D213 Boiling behaviors on a vertical plate in pool boiling at high pressures

Experiments were carried out to observe boiling behaviors of water on a vertical surface at pressures from 0.35MPa to 5MPa. The growth curves of the primary bubbles are well described by the t^<1/2> variation over the whole range of pressures. The growth rates of primary bubbles are proportional to the square root of the Jakob number, and agree with the correlation by Labuntsov with the arbitrary constant β=3. The nucleation site densities measured up to 5MPa increased in proportion to about the 1.5th power of the pressure under equivalent heat flux conditions. The dependence of the nucleation site densities on the heat flux is very similar to the results obtained near atmospheric pressure where the nucleation site density is proportional to the 1.5th power of the heat flux

D214 Measurements of surface heat flux and surface temperature under a boiling bubble at low pressure condition

Compared to single-phase flow, nucleate boiling has high heat transfer coefficient and is widely used in heat exchangers, boilers and BWR, etc. The nucleate boiling has been studied extensively but its heat transfer mechanism is still unknown. Recently, JAEA has developed a technology for the measurements of the surface heat flux and surface temperature distributions. The technology solved inverse heat conduction problem to get the surface heat flux and surface temperature distributions, with using a measured inside wall temperature distribution data from self-developed high sensitive temperature sensors. The temperature sensors are allocated in high density (utmost 6 points in 1 mm), at a depth several micro meters beneath the heated surface. In this paper, with using the developed technology, we measured the surface heat Flux and surface temperature distributions under a nucleate pool boiling bubble at both atmospheric pressure and a lower pressure. Image information of boiling bubble was recorded with a high speed camera synchronized with the temperature measurements. To control the position of boiling bubble, we mirror processed the heated surface and formed a nucleus at the center of the surface. Temperature sensors are allocated beside the nucleus, in a density of upmost 6 points per 1mm and at a depth about 1.4μm beneath the surface. Based on the experimental data, we examined boiling heat transfer models. In the present experimental conditions, surface heat flux distribution in the boiling process shows contact line heat transfer model is correct.

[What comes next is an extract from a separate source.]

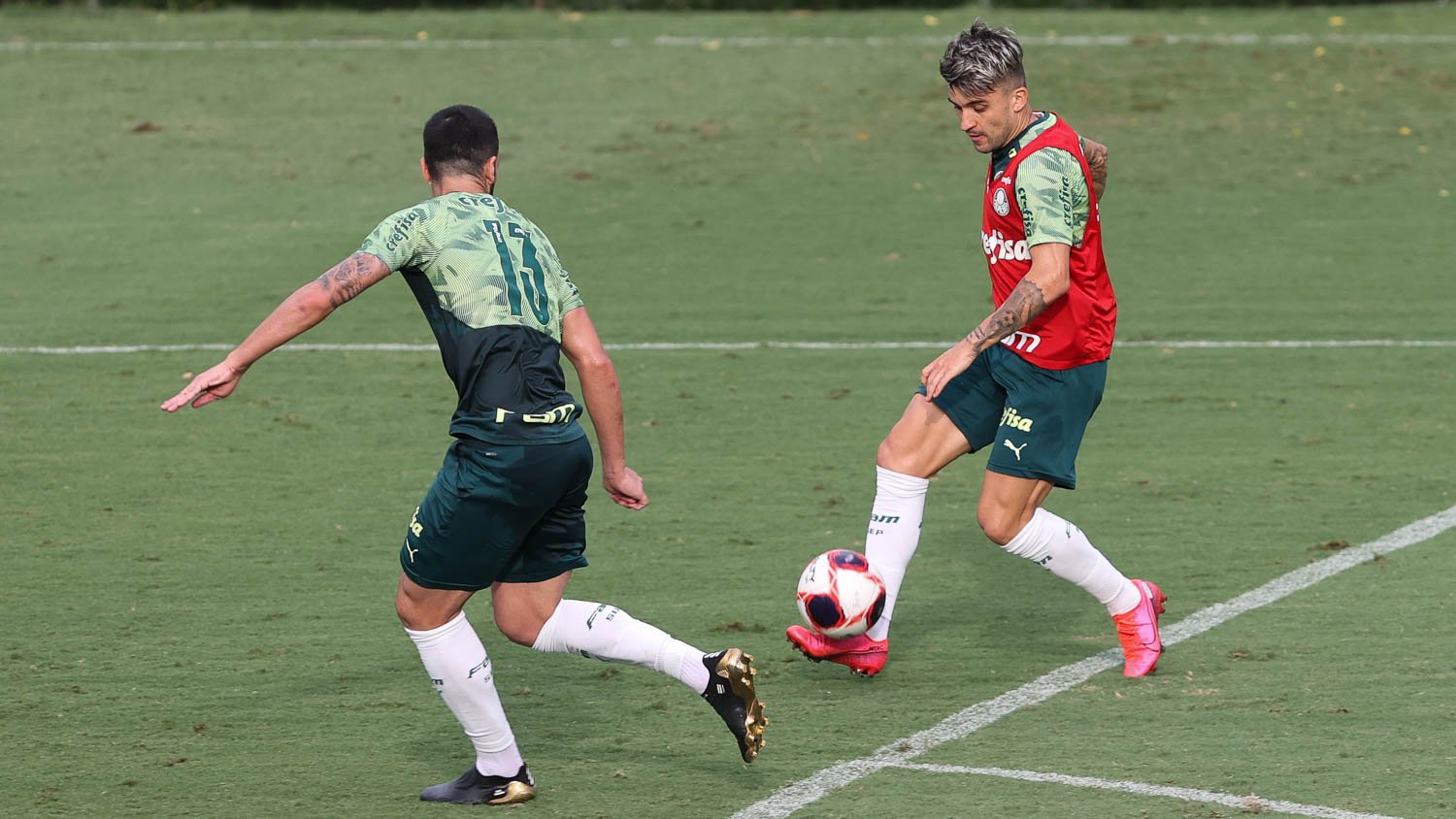O Palmeiras trabalhou a parte tática na tarde desta terça-feira (02), na Academia de Futebol. O treinador Abel Ferreira armou a movimentação com dimensões reduzidas e dispôs duas equipes no gramado.

D221 An Experimental Study on Free Convection Heat Transfer from Horizontal Finned Cylinders Set

For improvement of reliability, the air cooling heat exchanger of natural convection type has been developed. Since the heat transfer coefficient was small in the case of natural convection flow, finned cylinders set was studied for increasing heat exchange area. However, the composition of finned cylinders set which has the maximum heat transfer coefficient is unknown, so heat exchanger design can't be performed. Then, the maximum heat transfer coefficient of finned cylinders set is investigated by examination with stuck and finned cylinders set. A result is that, when a vertical direction pitch is 5 times of fin diameter, a heat transfer coefficient is max, because of the effect between the stuck and the decreasing temperature of natural convection flow with expanding vertical pitch. As compared with 1 pipe in open space, it is conformed that finned cylinders set mean heat transfer coefficient increased by 1.6 times.

D222 Upward heat flux through the horizontal fluid layer with time-dependent sinusoidal wall temperature at the top or bottom walls

Either top or bottom wall temperature of an infinite horizontal fluid layer is time-dependently and sinusoidally oscillated with the constant average temperature on the opposing horizontal wall. This is the system with no temperature difference between the top and bottom walls in a time-averaged sense, as studied by Kalabin et al. for a square channel. The fluid is Newtonian and Boussinesq approximation is made. The fluid layer of height 1 versus the horizontal width 4 is adopted and numerical computation is carried out. The time-averaged heat flux is always positive, i.e., upward, even if the time-averaged temperature difference is zero between the top and bottom walls. This holds even if the oscillating temperature is on either the top or bottom walls.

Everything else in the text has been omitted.